G.L. Pease - Cumberland

Der „Cumberland“ von G.L. Pease ist sicherlich ein Nischenprodukt aus der Rubrik „es darf durchaus mal etwas heftiger sein“. Das war mir spätestens klar, als ich diese Mischung als erste Pfeife des Tages geraucht habe. Der Reihe nach:

Nach dem Öffnen der Dose findet der geneigte Freund eine an sich völlig harmlos aussehende Virginia-Mischung in feinen Fasern vor. Ein bisschen aufgelockert wird das Bild von dunklen Fäden. Glaubt man der Beschreibung, wurde vom Mischmeister ein über 20 Jahre gereifter Kentucky beigemengt. Ein Schuss zusätzliche Würze lässt die Dreingabe von Perique erwarten. Im Geruch findet sich das erwartete Heu und eben auch eine Portion ordentliche Würze im Hintergrund.

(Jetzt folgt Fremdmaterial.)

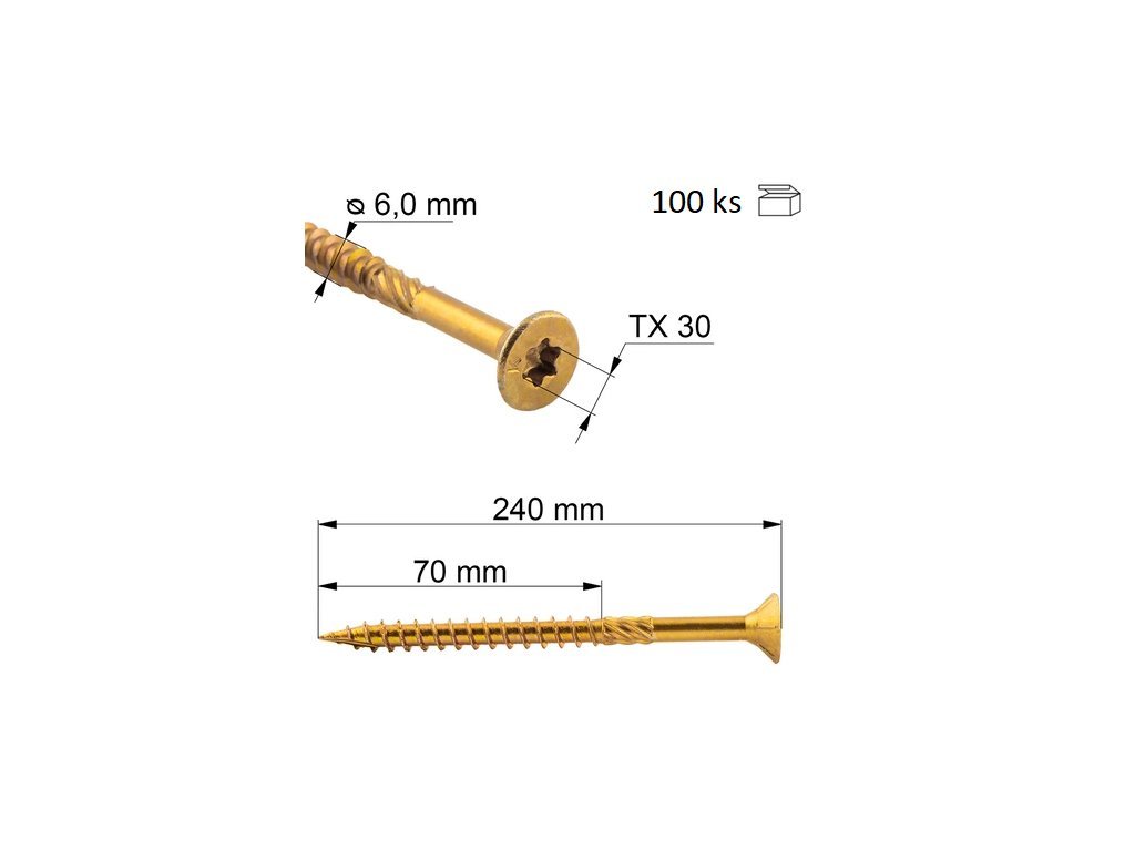 Vrúty / Skrutky do dreva so zapustenou hlavou - KMWHT 6x240 mm
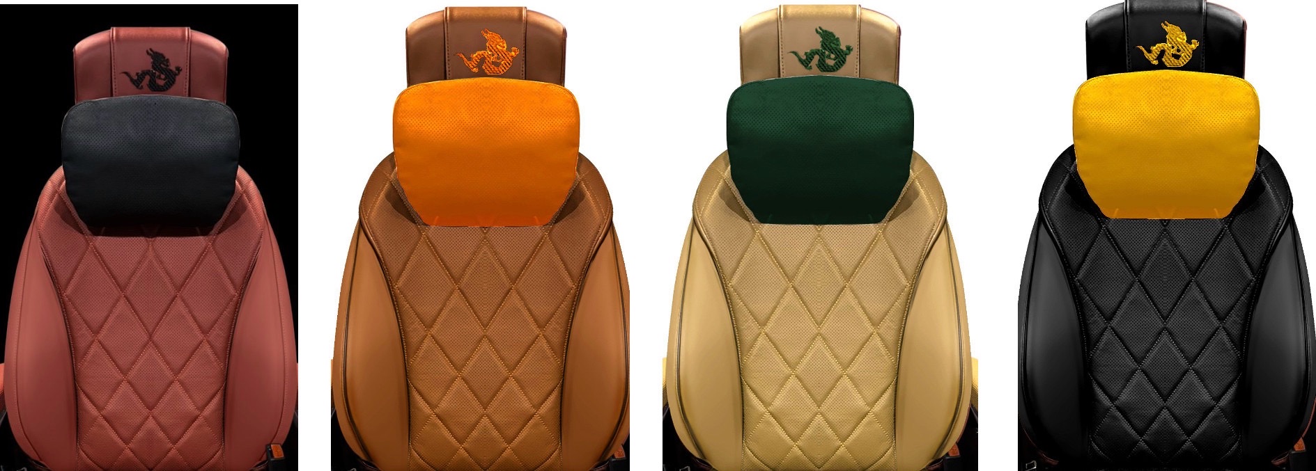 • Ghế ngồi siêu xe: Thiết kế kiểu dáng form ghế maybach style to rộng – tư thế ngồi công thái học cực kỳ thoải mái với hệ thống full massage – Đường chỉ may trên nền da thật cao cấp – Logo thương hiệu rồng nổi bật với từng màu phối nội thất
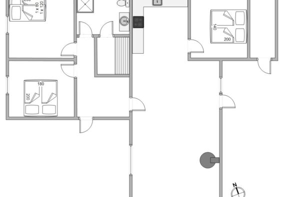 Sommerhuset byder plads til 6 feriegæster, som kan fordele sig på de 3 gode soverum, når det bliver sengetid efter en oplevelsesrig feriedag. Der er 2 værelser med dobbeltsenge, mens det sidste værelse er indrettet med en køjeseng. I sommerhuset er der et fint badeværelse med gulvvarme og sauna, hvor I kan nyde varmen efter en frisk gåtur ved vandet.

Einfachstes Anzünden schickt den Pfeifenraucher dann auch gleich los. Und wenn man nicht aufpasst und zu schnell pafft, dann geht es auf eine überraschende Reise. Das Wort „überraschend“ kann hier ganz schnell negativ belegt sein. Soll heißen: Das Kraut ist recht stark, was wohl dem Kentucky geschuldet ist. Der belegt dann auch alles und lässt einer Süße der Virginias keine Chance. Hat man nichts vorher gegessen, kann es noch übler ausgehen. Die Problematik liegt zudem darin, dass diese Mischung wohl am besten ihre natürlichen Aromen preis gibt, wenn der Pfeifenkopf nicht zu klein ist. Ihr merkt, es kann zu einem Desaster werden, nämlich das recht schnelle Sättigungsgefühl und die etwas größere Füllung.




Also bleibt einem nur das übrig, was der „Cumberland“ unbedingt verlangt. Man muss ihn sehr sanft und zurückhaltend rauchen. Dann dauert die Füllung zwar recht lange bis sie sich dem Ende neigt, aber man erhält eine durchaus vielfältige Raucherfahrung. Dann drückt hin und wieder der Kentucky, aber auch die dezente Süße kann sich Freiraum schaffen und der Perique erledigt seine Aufgabe ebenfalls in einem brillanten Zusammenspiel.

Dies ist kein Tabak von der Stange. Nee, der sucht und hat sicherlich seine ganz eigenen Fans. Für mich ein Tabak für den Abend. Nach einem guten Abendessen und mit einem kostspieligen Dram. Da punktet der „Cumberland von G.L. Pease bei mir. Den Rest vom Tage lasse ich ihn aber in der Schublade.